Подумал: «Вон оно как, все отрыгнулось, все наружу поперло…»

Осипок вынес ящичек на крыльцо и тут же вернулся обратно в сенцы. Поднял с пола лестницу, приставил ее к чердачному проему и, сопя и остерегаясь, как бы не оступиться и не загреметь вниз, полез на чердак. Вскоре он вернулся оттуда, держа под мышкой длинный, облепленный опилками и клоками пакли сверток. На крыльце выключил фонарик, сунул его в карман, развернул тряпку, и в свете звезд блеснул жирной смазкой короткий ствол немецкого карабина. Едва сдерживая в себе хрипящее, рвущееся наружу надсадным кашлем дыхание, Осипок передернул затвор и злорадно засмеялся: «Вот она, Михаленок, правота моя. И власть. Настоящая. Против этой власти не попрешь. Нет, не попрешь. Попробуй только…» И закашлялся уже не в силах сдерживаться. Его било кашлем так, что выступил холодный пот, и в Пречистом Поле, должно быть, на самой окраине, слышали, как задыхается сроду так не кашлявший Осип Матвеевич Дятлов. Когда приступ прошел, он утер рукавом фуфайки мокрый рот и прислушался.

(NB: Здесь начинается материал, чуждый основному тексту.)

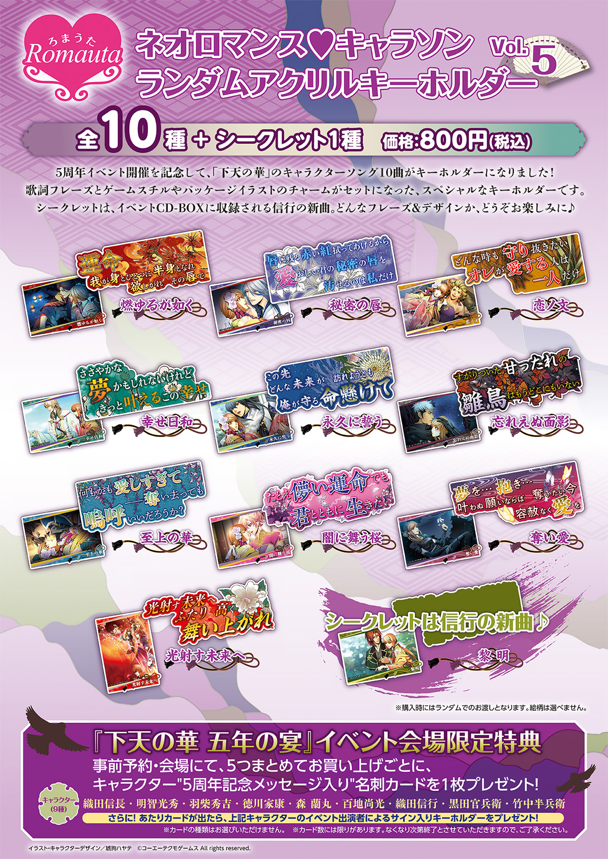 5周年イベント開催を記念して、「下天の華」のキャラクターソング10曲がキーホルダーになりました!
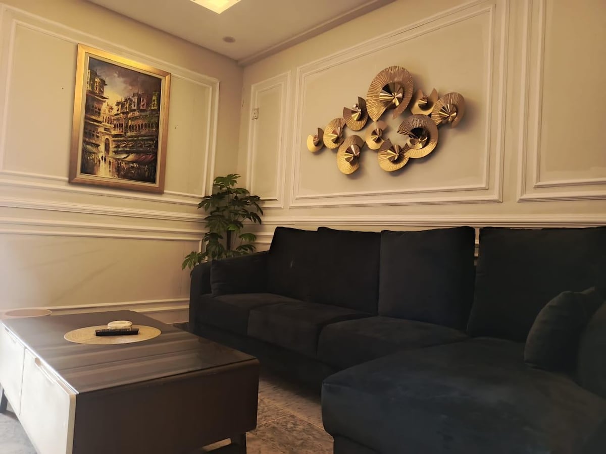 Moderne, luksuriøst og estetisk penthouseopphold i DHA Phase 2 Islamabad. Industrielt design med terrassehage, innsjekking uten vert, smart-TV med Netflix inkludert, raskt trådløst nettverk, fullt utstyrt kjøkken (komfyr, mikrobølgeovn, kjøleskap, vannkoker, kjøkkenutstyr og bestikk), fylt baderom og ekstra madrasser, privat takhage med sitteplass, fantastisk utsikt. Førsteklasses beliggenhet nær parker, kjøpesentre, restauranter, kaféer, bare to minutters kjøretur til Central Park, fem minutter til Giga Mall, tolv minutter til Bahria Town (alle faser) og én time fra flyplassen.
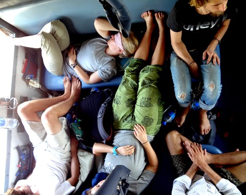 Thankfully for us.. We sat up post right in front of this room where Beka and Trey made friends with the guys with their sweet Ukulele skills.. And we had 2 of the guys from the orphanage come with us. It didn’t take us long to realize that we were the ONLY westerns and ONLY tourists in the train. We looked around and seemed like there were at least 200 eyes on us. WOW All I could do was look at my team and laugh.. I guess we didn’t look as bad as we thought? Ha Not more that a few minutes later this group of 3 guys that have been staring straight at me pull our their cell phone and are trying to take pictures of me from a distance.. So I smiled and posed- DUH! They laughed and came closer and I said hi..

За прудом было тихо. Даже собака молчала. Видно, надоело ей рвать нутро, тешить нечисть ночную, заснула. Перед рассветом сон крепок. И ночь глаз не сомкнешь, а перед рассветом словно медом веки мажут. Самый сон живой душе перед рассветом. Собачьей ли, человеческой ли.

Глава четвертая. ВЫСТРЕЛ

Григорий обошел Пречистое Поле, постоял возле некоторых дворов, вспоминая прежний порядок села, впрочем, мало изменившийся с тех пор, как он в последний прощальный раз окинул его с большака, уходя вместе с другими мужиками на станцию. Все здесь было вроде бы то же, но и не то. И чем пристальнее он вглядывался теперь в лик родного селища, тем больше находил на нем изъянов и признаков усталости то ли от непомерной ноши, то ли от небрежения, неухоженности и запустения.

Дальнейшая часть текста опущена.